Languages aren’t just ways of describing the world we see, they’re also ways of seeing the world in the first place. 

But cutting language offerings isn’t just a personal and a societal loss, it’s also a huge spiritual and moral failure. And that’s because of what language fundamentally is. Let me explain.  

It can be tempting to think of words as simply ‘labels’ we assign to objects in the world, with different languages using a different set of ‘labels’ to describe the same objects. As a native English speaker, I might see something with four legs and a flat surface on top and call it a ‘desk’. Someone else with a different native language might call it a Schreibtisch, or a bureau‚ or a scrivania, or a tepu, or a bàn làm việc. You get the point: we might be using different labels, but we’re all ‘seeing’ the same thing when we use those ‘labels’, right? 

Well, it’s a bit more complicated than that. Languages aren’t just ways of describing the world we see, they’re also ways of seeing the world in the first place. As such, languages have the capacity to shape how we behave in response to the world, a world itself suggested to us in part by our language(s). As twentieth-century philosopher Ludwig Wittgenstein once wrote, “the limits of my language mean the limits of my world.” 

Let me give you just one example. English distinguishes tenses: past, present, future. I did, I do, I will do. Chinese does not. It expresses past, present, and future in the same way, meaning past and future feel as immediate and as pressing as the present. The result of ‘seeing’ the world through a ‘futureless’ language like this? According to economist Keith Chen, ‘futureless’ language speakers are 30 per cent more likely to save income compared to ‘futured’ language speakers (like English speakers). They also retire with more wealth, smoke less, practice safer sex, eat better, and exercise more. The future is experienced in a much more immediate and pressing way, leading to people investing more into behaviours that positively impact their future selves, because their view of the world – and their future selves’ place within the world – is radically different because of their language. 

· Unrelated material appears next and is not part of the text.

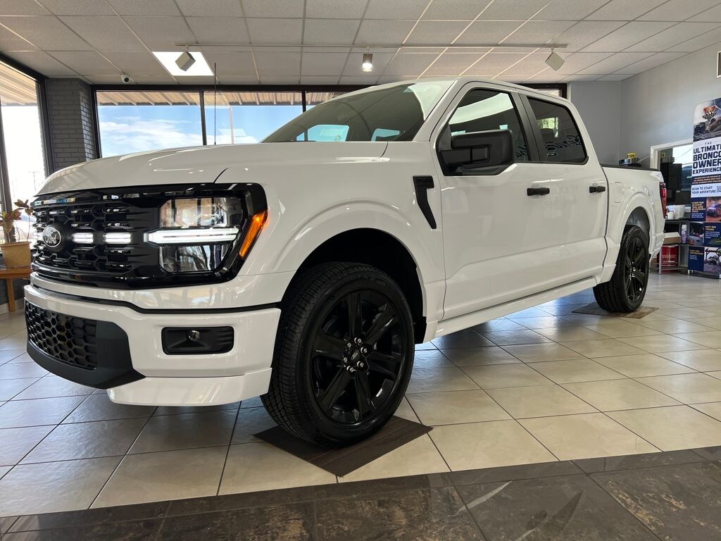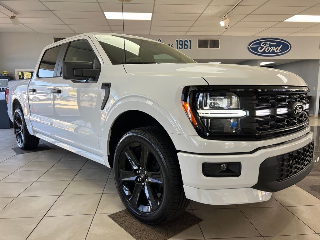 White 2026 Ford F-150 STX 4WD 10-Speed Automatic 5.0L V8 4WD, 3.55 Axle Ratio, 4-Wheel Disc Brakes, 6 Speakers, ABS brakes, Air Conditioning, Alloy wheels, AM/FM radio: SiriusXM with 360L, Auto High-beam Headlights, Brake assist, Bumpers: body-color, Compass, Delay-off headlights, Driver door bin, Dual front impact airbags, Dual front side impact airbags, Electronic Stability Control, Emergency communication system: SYNC 4 911 Assist, Ford Connectivity Package (1-Year Included), Front anti-roll bar, Front Bucket Seats, Front Center Armrest, Front reading lights, Front wheel independent suspension, Fully automatic headlights, GVWR: 6,650 lbs Payload Package, Heated door mirrors, Illuminated entry, Internet access capable: 5G Modem - Ford Connectivity Package, Low tire pressure warning, Occupant sensing airbag, Outside temperature display, Overhead airbag, Overhead console, Panic alarm, Passenger door bin, Passenger vanity mirror, Power door mirrors, Power steering, Power windows, Radio data system, Radio: AM/FM Stereo with SiriusXM 360L, Rear step bumper, Rear window defroster, Remote keyless entry, Security system, Speed control, Split folding rear seat, Steering wheel mounted audio controls, SYNC 4 with Enhanced Voice Recognition, Tachometer, Telescoping steering wheel, Tilt steering wheel, Traction control, Trip computer, Unique Sport Cloth 40/Console/40 Front-Seats, Variably intermittent wipers, Wheels: 18" Gloss Black, 4WD.

Different languages lead to seeing the world differently which leads to differences in behaviour. In other words, there are certain experiences and emotions – even certain types of knowledge and behaviours - that are only encounterable for those fluent in certain languages. And this means that to learn another language is to increase our capacity for empathy. Forget walking a mile in someone’s shoes, if you want truly to know someone, learn their language.  

In my day job as a lecturer, when I’m trying to encourage my students – most of whom are vicars-to-be – to learn biblical Greek and/or Hebrew, I tell them it will make them more empathetic people. It may make them better readers of the Bible, it may even make them better writers too but, more than anything else, students who learn languages will be better equipped to love their neighbour for having done so. They will get a better sense of the limits of their world, and a greater appreciation for the ways in which others see it too. Show me a society that is linguistically myopic, and I’ll show you one that’s deeply unempathetic. I can guarantee you of that.   

We ought to be deeply, deeply concerned about the diminishing language offerings in the UK’s Higher Education sector. To open oneself to other languages is to open oneself to other ways of seeing the world. It is to be shown the limits of one’s own ways of seeing. Learning a language is a deeply humble and empathetic act. And isn’t humility and empathy in desperately short supply at the moment?